ANR basics

The monitoring principle of ANR (Application Not Responding) is essentially a message mechanism. A delay message is set and the ANR is triggered if the timeout is Not removed. The specific logical processing is performed on the system server, including sending timeout messages, removing timeout messages, processing timeout messages and displaying ANR pop-up boxes. For app, ANR is triggered when the main thread is blocked.

classification

In many cases, the ANR has nothing to do with the component being executed (ContentProvider, Broadcast, Service) itself.

  1. Service ANR: Foreground 20s, background 200s; StartForeground timeout 10 s
  2. Broadcast ANR: 10s in the foreground and 60s in the background
  3. Input ANR: The button or touch event will not respond within 5s
  4. ContentProvider ANR: 10s, rare

Common reasons for

  1. Main thread Binder time
  2. Main thread I/O time
  3. A deadlock
  4. The lock time of the main thread
  5. Slow activity Resume/slow focus window switch (for Input ANR)
  6. The main thread has too many messages to execute, causing the corresponding component message execution delay.
  7. The execution of messages in front of the main thread takes time, causing subsequent messages to delay.
  8. It depends on the state of the phone, memory/CPU, etc
  9. StartForeground not executed in onStartCommand of Service

How to analyze

steps

  1. Determine basic information about anR

First search am_anr to determine anR occurrence time, type, timeout, process, etc.

03-04 13:45:03.781 1000 1199 14667 I am_anr: [0, 0290 com. Android systemui, 551042573, Input dispatching timed out (StatusBar, b49ba2b StatusBar (server) is not responding. Waited 8001ms for MotionEvent(action=DOWN))]

  1. View the traces file

Check the traces file for the corresponding process and point in time in /data/anr. If it is clear that the main thread is Blocked and takes a long time to cut utM/STM, use the stack to determine the cause.
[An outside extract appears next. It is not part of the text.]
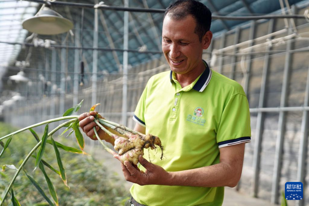 9月22日,在新疆喀什地区英吉沙县戈壁设施农业产业园,一位员工在展示收获的生姜。据了解,该产业园是山东省援疆指挥部产业援疆重点发展项目之一,一期占地面积1037亩,建设戈壁智能日光温室大棚233座,种植花卉、蔬菜等作物,年产值约5000万元,带动当地1500多名农民就业。
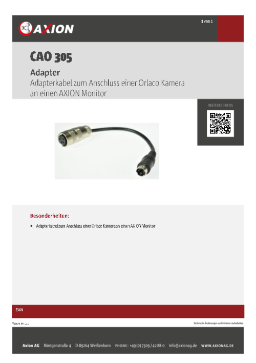 Adapterkabel zum Anschluss einer Orlaco Kamera an einen AXION Monitor.

  1. View the event logs and main logs of the corresponding time range

In many cases, however, the stack at which the ANR occurred is not properly captured, so additional logs are needed to determine the cause. Search “ANR in” to search pid information (within 8s after 03-04 13:45:03.781)

The key word

  1. Slow Operation /am_lifecycle_sample
  2. Slow Looper main
  3. Slow Binder /binder_sample
  4. dvm_lock_sample

Common instance

The I/o time consuming

The I/O time takes a long time to execute 110 messages, which causes that the messages cannot be executed in a long time

06-30 15:11:11. 411 1000 1895 8935 I am_anr: [1, 0583 com. Android. Settings, 952745541, Broadcast of Intent { act=android.hardware.usb.action.USB_STATE flg=0x31000010 CMP = com. Android. Settings /. Connecteddevice. Usb. UsbModeChooserReceiver (from the extras)}] 06-30 15:11:16. 453 1000 5831 5831 I Am_lifecycle_sample: [0, com. Android Settings, 110149, 98] 06-30 15:11:16. 454, 1000, 5831, 5831 W stars: PerfMonitor longMsg :seq=2 plan=15:11:01.454 late=2ms wall=14998ms running=77ms runnable=55ms IO =14144ms H = android. App. ActivityThread $h w = 110 06-30 15:11:16 procState = 2. 469, 1000, 5831, 5831 D UsbModeChooserReceiver: action = android.hardware.usb.action.USB_STATE

The startFrouground of Service is used improperly

StartForeground normally needs to be called in the onStartCommand method, not in the onCreate function of the Service. Because if your onStartCommand returns START_NOT_STICKY, the onCreate method will not be called if the process is killed and restarted, but ANR will still be used.

After the process crash, the Service will not be started immediately. Instead, the Service will be started by calculating the delay time. Here the delay time is 6268ms, and the SMS process will be started by MxActivateService after 6s in the log

05-31 19:35:17.316 1760 8998 I am_proc_died: [0279-08, com. Android. MMS, 200, 4] 05-31 19:35:17. 406 1760 8998 I am_schedule_service_restart [0, com. Android. MMS/com. Xiaomi. MMS. Transaction. MxActivateService, 6268] 05-31 19:35:23. 812 1760 1823 I am_proc_start: [0162 06101-04, com. Android. MMS, service, \ {com. Android. MMS/com. Xiaomi. MMS. Transaction. MxActivateService}] 05-31 19:35:24.031 1760 3001 I am_proc_bound: [0,16206,com.android.mms]

The timeout duration of startStartForeground ANR is 10s, and the start time is when the System server post app executes the onStartCommand of Service. ANR occurs if the startForeground method is not called within 10 seconds after onStartCommand is executed.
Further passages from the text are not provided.